# Creaking sound from right rear



## Do Bamboo (May 3, 2010)

I get this creaking sound from the rear right when I drive over a bump. It is very noticeable when I pull in to my driveway which has a high curb. Doesn't seem to happen as much when I am driving on the road but more when I am pulling in to a place that might have a little bump. Any thoughts?

Thanks


----------



## tbk (Dec 29, 2008)

Its probably the strut mounting bushing getting on in age. Won't really affect the suspension, and if you ever do the shocks it will be replaced. (or usually is).


----------



## Do Bamboo (May 3, 2010)

You're right. I had a local mechanic look at it & he said it was the bushing but I am a little confused. He said it would be difficult to isolate which one is making the noise. He seemed to imply that there are several. Thankfully bushings are covered under my extended warranty.


----------



## wasabi4ever (Aug 27, 2005)

I had this similar problem when I just purchased my X in 2005, the noise was coming from the rear right side of the vehicle. It was brand new when I purchased it but after the winter season I noticed the noise when going over some bumps. Its very random, sometime small bumps, sometime bigger bumps that caused the creak noise, and sometime it doesn't make any noise at all.
Anyway, I can't narrow down where the noise came from so I went to the dealership. It took 3 other guys to sit in my car while I'm driving the car around so they can narrow it.
Even after that it took them 2 days to finally pin point the area. They said the plastic trims inside the vehicle was lose or something so they had to spray those foams to preventing them from moving and rubbing against each other.

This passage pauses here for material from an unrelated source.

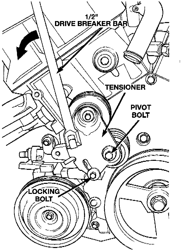 1. Insert a 1/2" drive breaker bar into the square opening on tensioner. Hold counterclockwise pressure on tensioner, while removing tensioner locking bolt.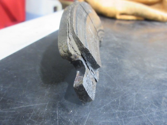 ディスクパットもサビに面していた部分が段付きで減っています。

I'm all about perfection so everything little noise inside my car bugs me.


----------



## tbk (Dec 29, 2008)

Do Bamboo said:


> You're right. I had a local mechanic look at it & he said it was the bushing but I am a little confused. He said it would be difficult to isolate which one is making the noise. He seemed to imply that there are several. Thankfully bushings are covered under my extended warranty.

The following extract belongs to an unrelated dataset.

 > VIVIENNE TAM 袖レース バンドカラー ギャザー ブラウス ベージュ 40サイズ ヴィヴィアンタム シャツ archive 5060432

Yeah, you will have multiple bushings, from the top of the shock, to both ends of the stabilizer links. If they are smart, they will just replace the stabilizer links first as they are a single unit piece that are only worth $100 a piece or so and easy to access. THe isolator at the top of the strut (technically also a bushing) is a pain to get to and requires removal of the shock.


----------



## Do Bamboo (May 3, 2010)

Went to a Nissan dealer to get this fixed. They told be it isn't the bushings but and internal "panel' most likely. I don't know what panel they're talking about. My local mechanic took a drive with me a few weeks back and he immediately said it's the bushing making the noise. I am going to try another Nissan dealer & hopefully get this fixed.


----------